The task = What is needed is an exact reproduction of the lines in the records below, starting at the line with "Checkers played by" and ending at the line with "Attached scarf detail", both included, and nothing else; pictures stay out.

[Exercise material Boundary: Start]

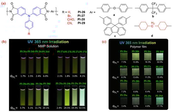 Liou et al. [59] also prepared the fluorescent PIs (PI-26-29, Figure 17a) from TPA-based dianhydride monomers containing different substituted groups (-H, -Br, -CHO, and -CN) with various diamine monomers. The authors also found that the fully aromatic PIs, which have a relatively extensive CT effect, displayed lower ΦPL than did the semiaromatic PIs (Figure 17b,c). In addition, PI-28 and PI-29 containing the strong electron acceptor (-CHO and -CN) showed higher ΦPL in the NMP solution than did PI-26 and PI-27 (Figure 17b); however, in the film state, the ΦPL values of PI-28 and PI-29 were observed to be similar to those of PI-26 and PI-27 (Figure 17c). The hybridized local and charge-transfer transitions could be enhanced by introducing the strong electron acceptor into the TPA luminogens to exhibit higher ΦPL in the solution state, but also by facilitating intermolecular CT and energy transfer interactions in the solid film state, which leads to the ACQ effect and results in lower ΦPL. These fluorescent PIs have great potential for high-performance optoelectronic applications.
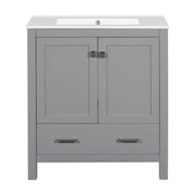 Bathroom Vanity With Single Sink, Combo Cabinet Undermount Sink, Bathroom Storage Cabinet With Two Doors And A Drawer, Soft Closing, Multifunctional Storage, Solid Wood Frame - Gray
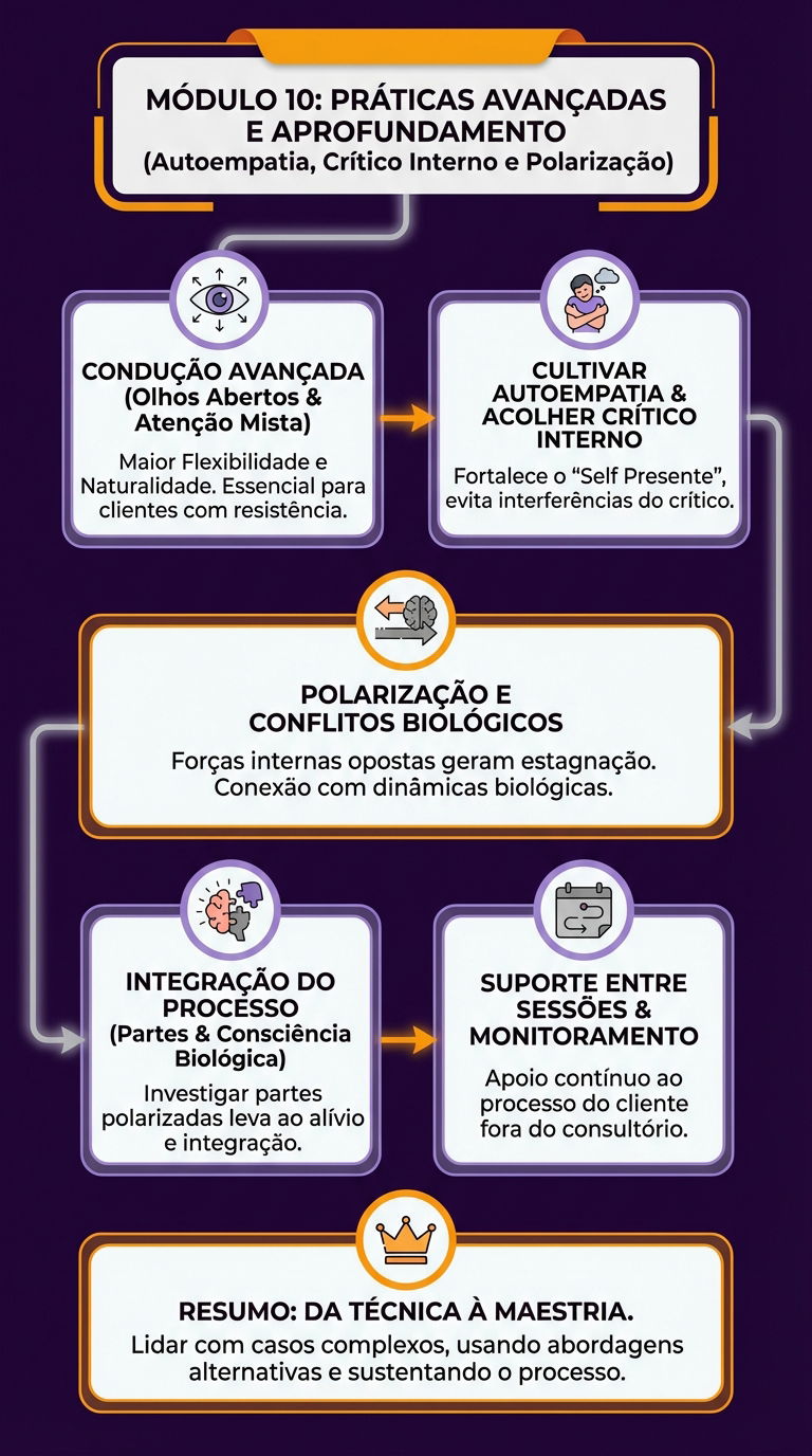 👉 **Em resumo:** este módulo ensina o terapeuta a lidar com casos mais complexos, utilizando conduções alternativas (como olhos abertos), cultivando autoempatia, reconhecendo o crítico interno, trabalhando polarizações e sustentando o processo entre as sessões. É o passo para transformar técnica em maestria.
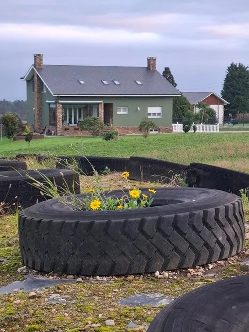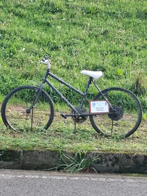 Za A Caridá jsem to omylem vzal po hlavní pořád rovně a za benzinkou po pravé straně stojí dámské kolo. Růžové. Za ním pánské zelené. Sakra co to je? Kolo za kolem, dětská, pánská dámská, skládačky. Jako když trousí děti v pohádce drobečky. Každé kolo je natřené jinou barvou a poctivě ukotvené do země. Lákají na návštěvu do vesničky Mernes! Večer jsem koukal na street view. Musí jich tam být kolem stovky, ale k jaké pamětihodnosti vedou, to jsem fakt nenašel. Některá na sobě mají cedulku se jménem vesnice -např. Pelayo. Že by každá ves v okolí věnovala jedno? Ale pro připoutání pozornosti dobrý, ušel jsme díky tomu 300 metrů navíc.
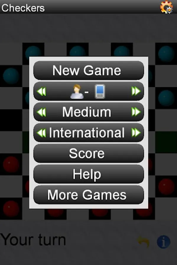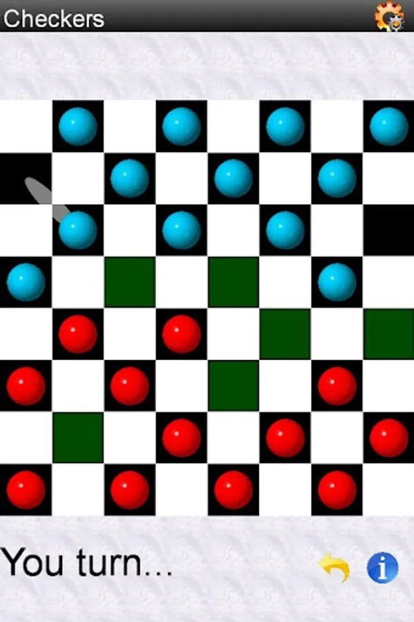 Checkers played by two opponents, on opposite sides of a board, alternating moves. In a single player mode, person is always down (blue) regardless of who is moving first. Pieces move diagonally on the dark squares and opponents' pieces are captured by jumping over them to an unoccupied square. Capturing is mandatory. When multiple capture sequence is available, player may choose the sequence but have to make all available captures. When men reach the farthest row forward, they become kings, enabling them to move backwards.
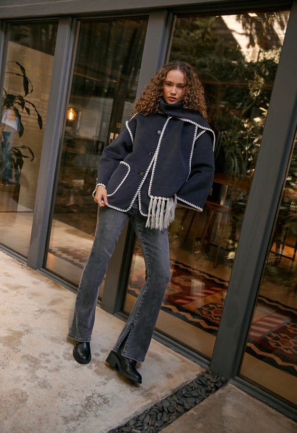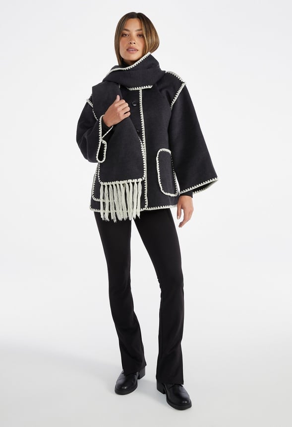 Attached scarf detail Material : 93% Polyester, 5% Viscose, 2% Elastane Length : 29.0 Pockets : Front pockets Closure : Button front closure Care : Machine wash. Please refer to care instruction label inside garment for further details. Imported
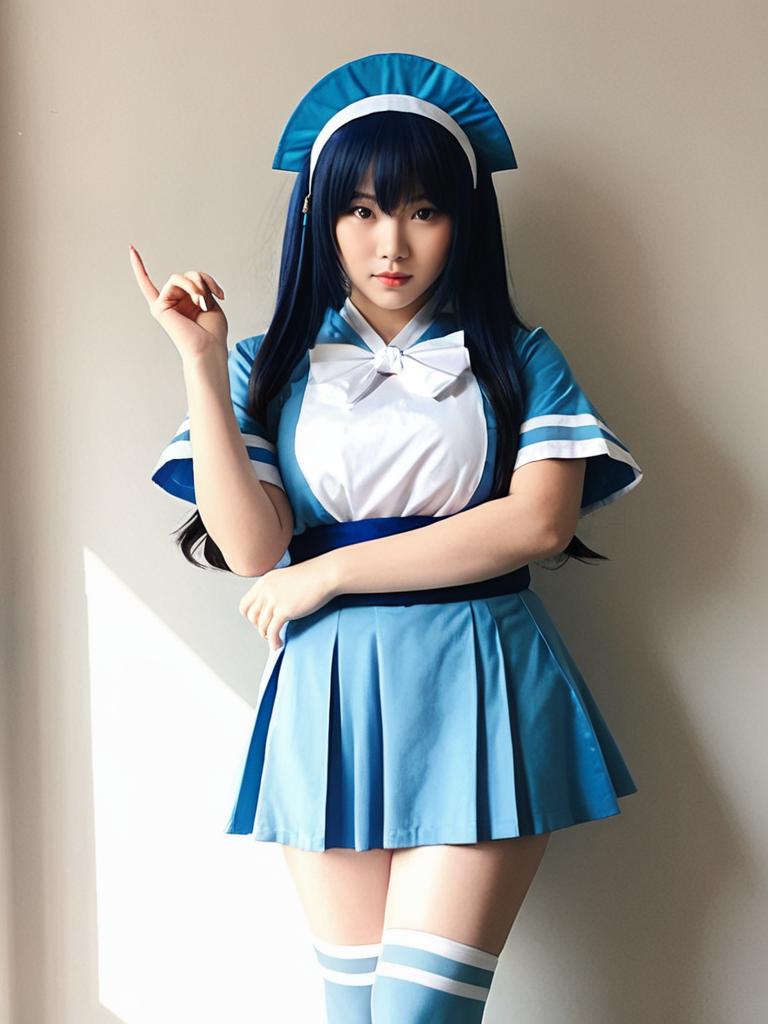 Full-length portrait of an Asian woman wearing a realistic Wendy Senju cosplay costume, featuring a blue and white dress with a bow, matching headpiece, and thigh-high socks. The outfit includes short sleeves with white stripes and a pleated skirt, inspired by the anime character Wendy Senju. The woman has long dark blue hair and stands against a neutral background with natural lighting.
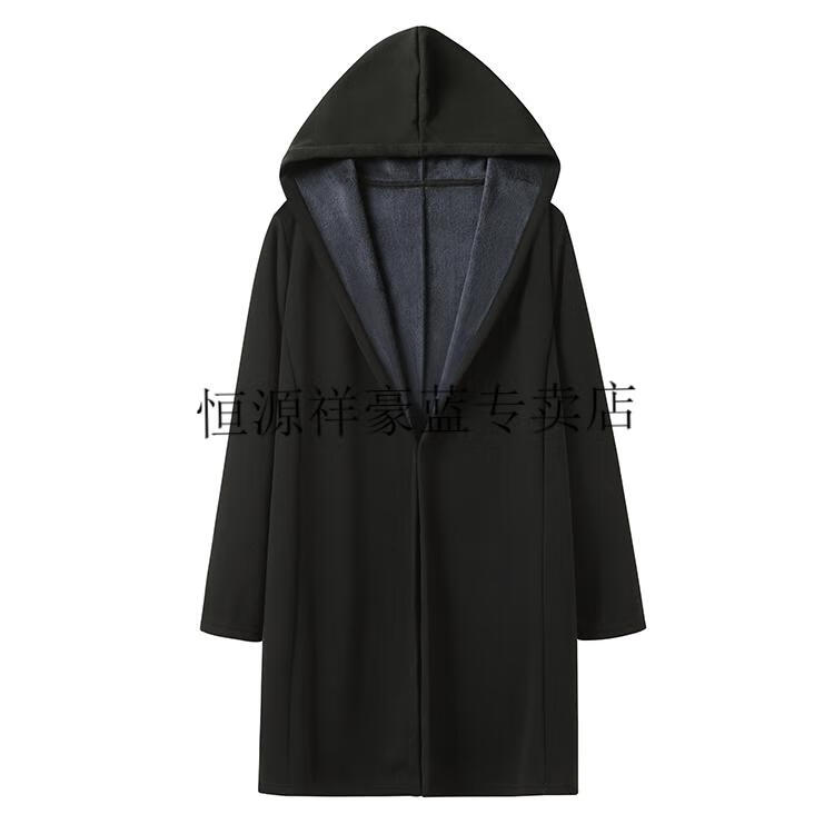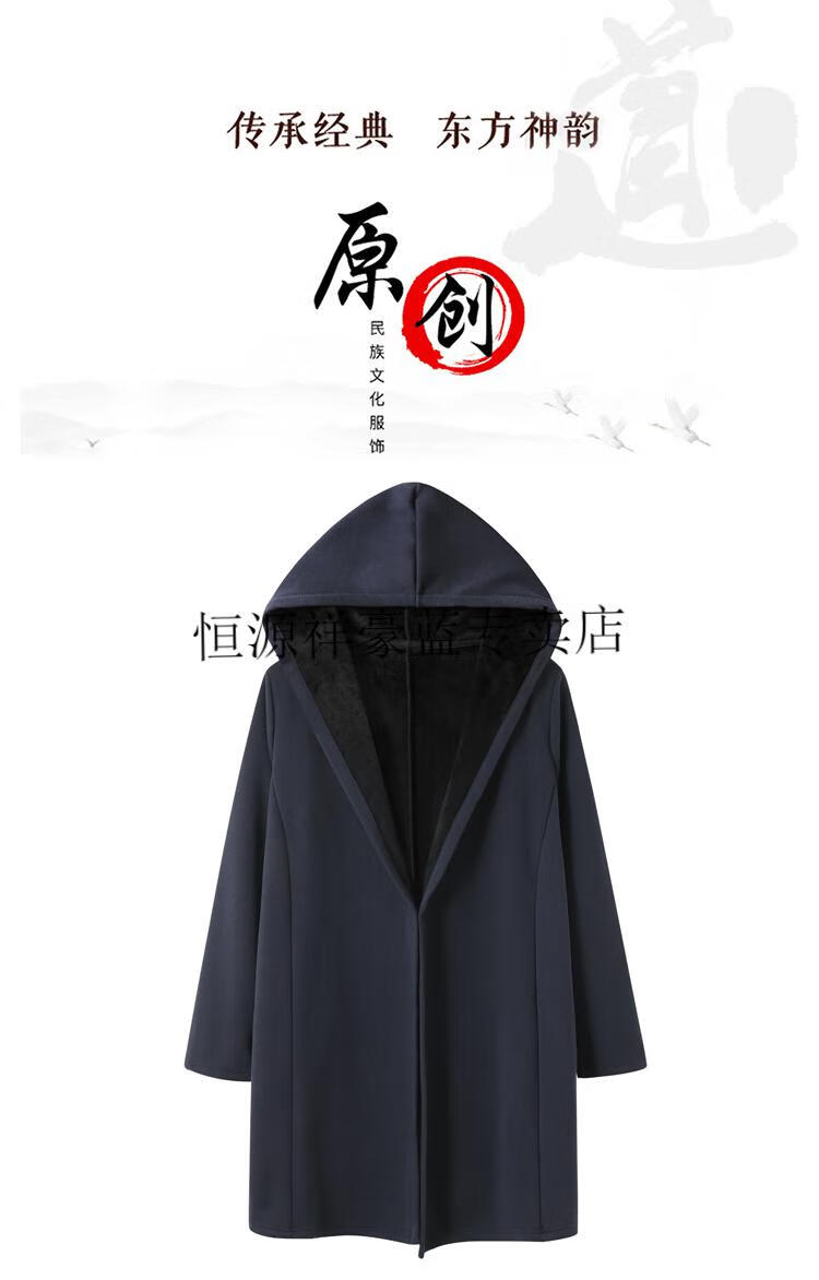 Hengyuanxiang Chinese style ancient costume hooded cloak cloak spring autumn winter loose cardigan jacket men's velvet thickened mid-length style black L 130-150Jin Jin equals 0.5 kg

[Exercise material Boundary: End]

Expected answer =
 Checkers played by two opponents, on opposite sides of a board, alternating moves. In a single player mode, person is always down (blue) regardless of who is moving first. Pieces move diagonally on the dark squares and opponents' pieces are captured by jumping over them to an unoccupied square. Capturing is mandatory. When multiple capture sequence is available, player may choose the sequence but have to make all available captures. When men reach the farthest row forward, they become kings, enabling them to move backwards.
 Attached scarf detail Material : 93% Polyester, 5% Viscose, 2% Elastane Length : 29.0 Pockets : Front pockets Closure : Button front closure Care : Machine wash. Please refer to care instruction label inside garment for further details. Imported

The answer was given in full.